Museum in Shaanxi Province, China

Maoling Museum is a museum located in Xingping in Shaanxi Province, China. It features artefacts related to Han Dynasty Emperor Maoling, Huo Zaodi Tomb and a large group of stone carvings. The museum was formerly established in 1956 for the Maoling cultural relics depository, and was designated as a museum in December 1979. The museum covers an area of 492,000 square meters, building area of 16,159 square meters, the collection of cultural relics more than 4,100 pieces, for the institutions, under the Xingping City Culture and Tourism Bureau.

== History. ==
The museum is named after the Maoling Mausoleum, the mausoleum of Liu Che, Emperor Wu Di of Han Dynasty, the emperor of Western Han Dynasty, which is the largest among the tombs of the Western Han emperors and is surrounded by more than 20 tombs of Madame Li, Emperor Wu Di of Han Dynasty, Wei Qing, and Huo Guang, etc.

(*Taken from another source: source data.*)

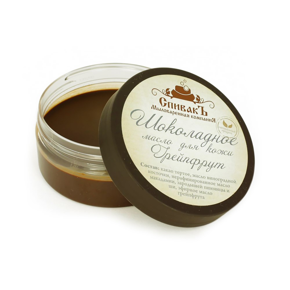 Шоколадное масло для кожи Грейпфрут - питательная масляная смесь на основе какао-тертого со сладким запахом шоколада и грейпфрута. Питает и смягчает кожу, делает её более упругой. Эфирное масло грейпфрута способствует нормализации работы сальных желез, сужению пор.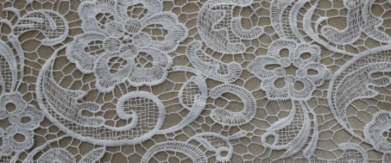 Lace is a delicate and intricate fabric made by weaving or knitting threads in an open web-like pattern. It can be made from a variety of materials, such as silk, cotton, linen, or synthetic fibers. It often features ornamental designs, floral patterns, geometric shapes, and sometimes even depictions of animals or people.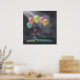 A cute little girl wearing a pink shirt and blue skirt stands holding five colourful balloons. She is bringing a patch of brightness to a dark world. In the distance is a grey building surrounded by mist and dark trees and mountains.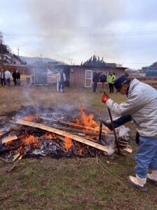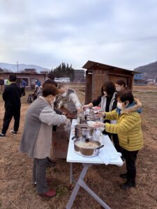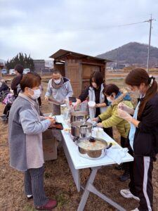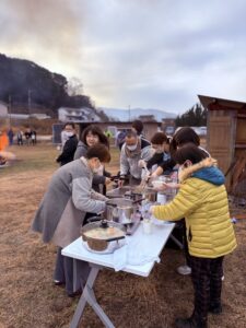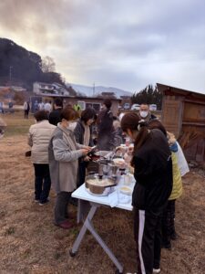 とんどの炎と豚汁で心も体もポカポカに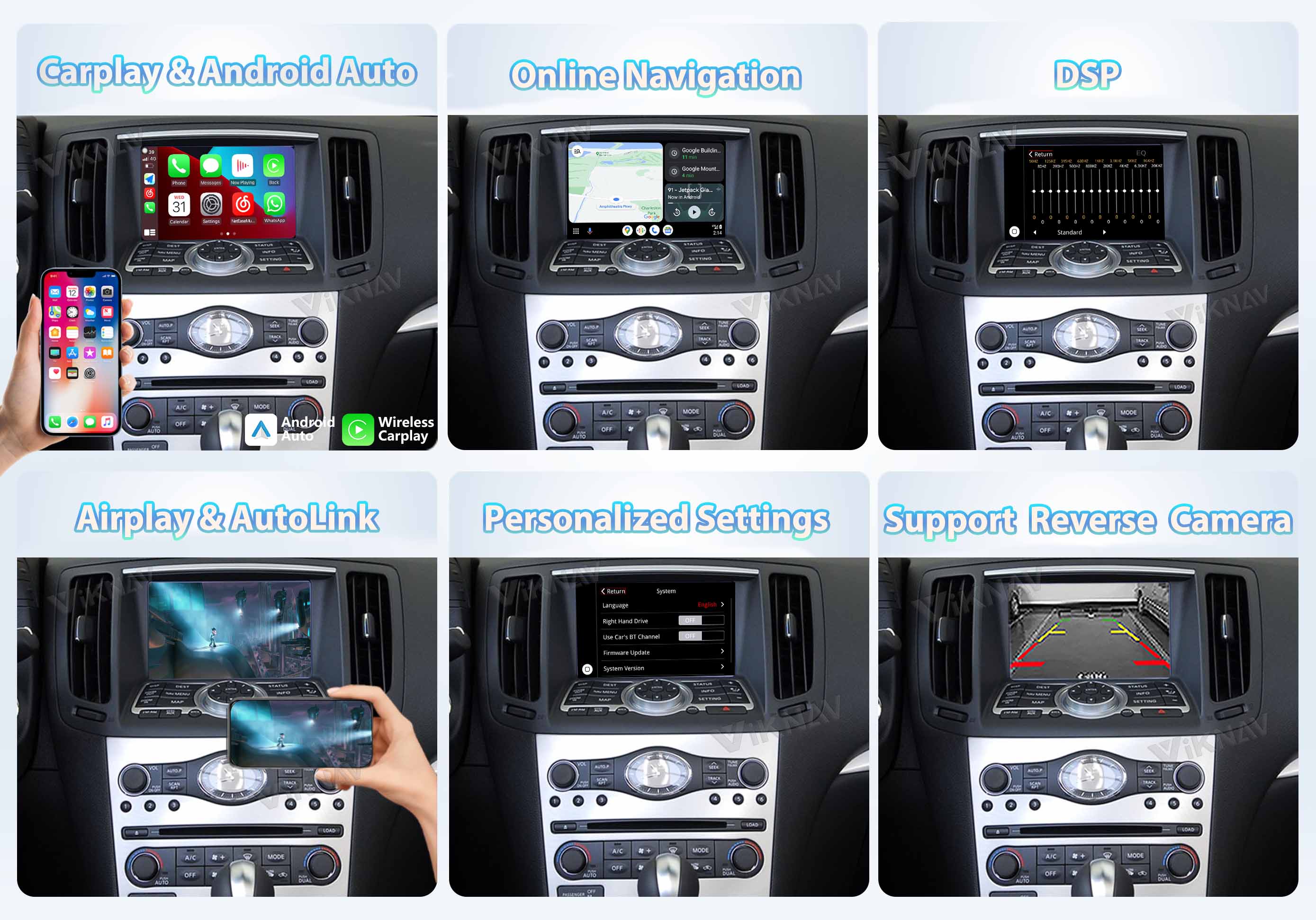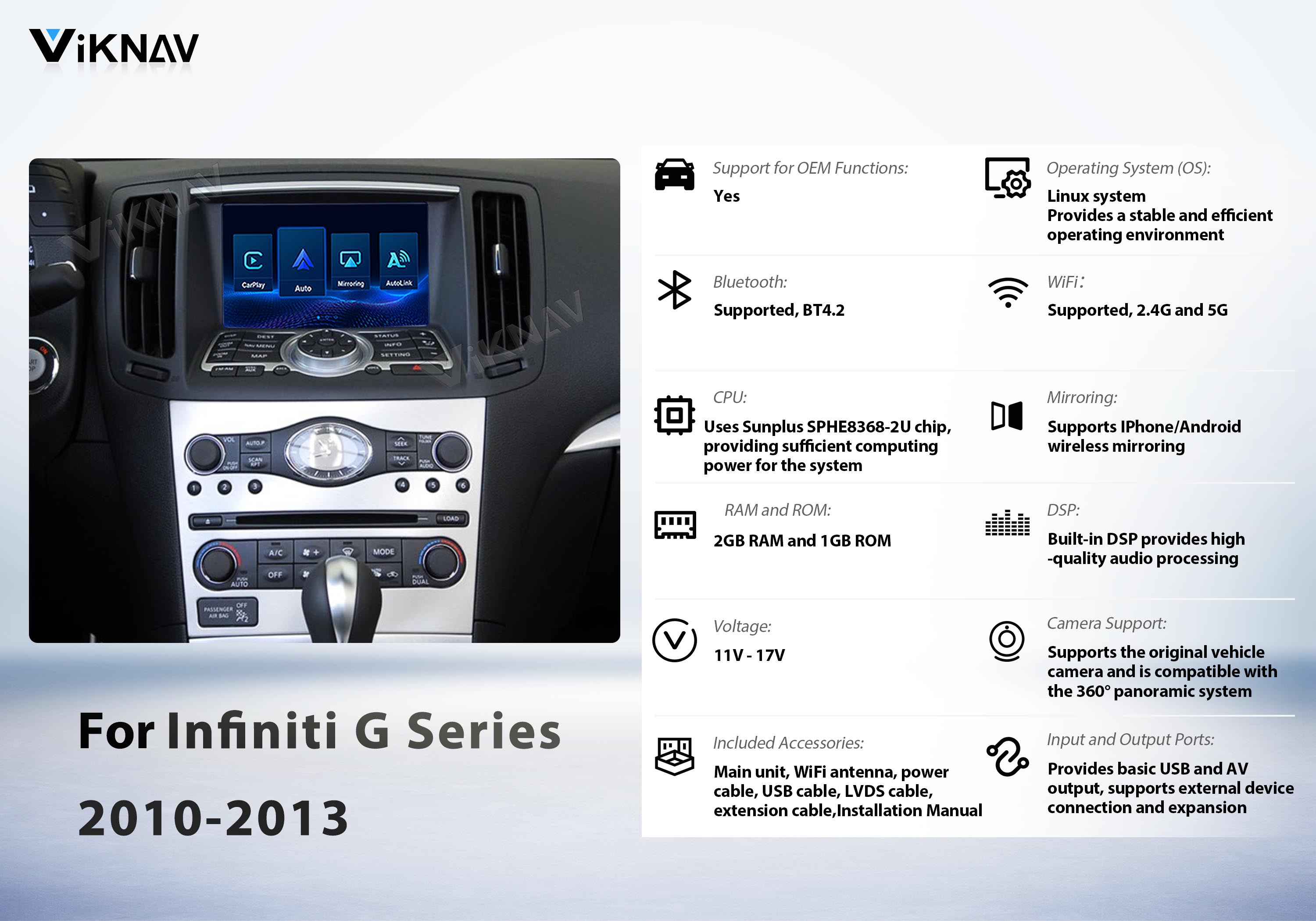 Viknav Linux System Wireless Carplay Android Auto Decorder Box For Infiniti G Series 2010-2013 GPS Navigatipn Original Car Radio Screen

The tomb of Huo Zaiwei, buried on the east side of the Maoling Mausoleum, is the tomb of Huo Qubing, the Champion Marquis of the Western Han Dynasty, who was a general of the Western Han's Grand Secretary Hussar. The Maoling Mausoleum was an important monument in ancient China, but the original magnificent and luxurious ground architecture has long since disappeared in the course of history. In the 41st year of the Qianlong reign (1776) of the Qing Dynasty, Bi Yuan, the governor of Shaanxi Province, and Gu Shenglei, the governor of Xingping County, erected a monument for the Maoling Mausoleum and the tomb of Huo Zaoyi. However, on the whole, the protection of the Maoling Tomb and the surrounding monuments was not satisfactory, and was regarded as a wild mound of ruins, with farmers cultivating the land from time to time nibbling away at and destroying the cemetery. The stone carvings in front of the tomb were also abandoned in the wilderness for many years, sunk in the soil, and even taken as private property or thrown and smashed.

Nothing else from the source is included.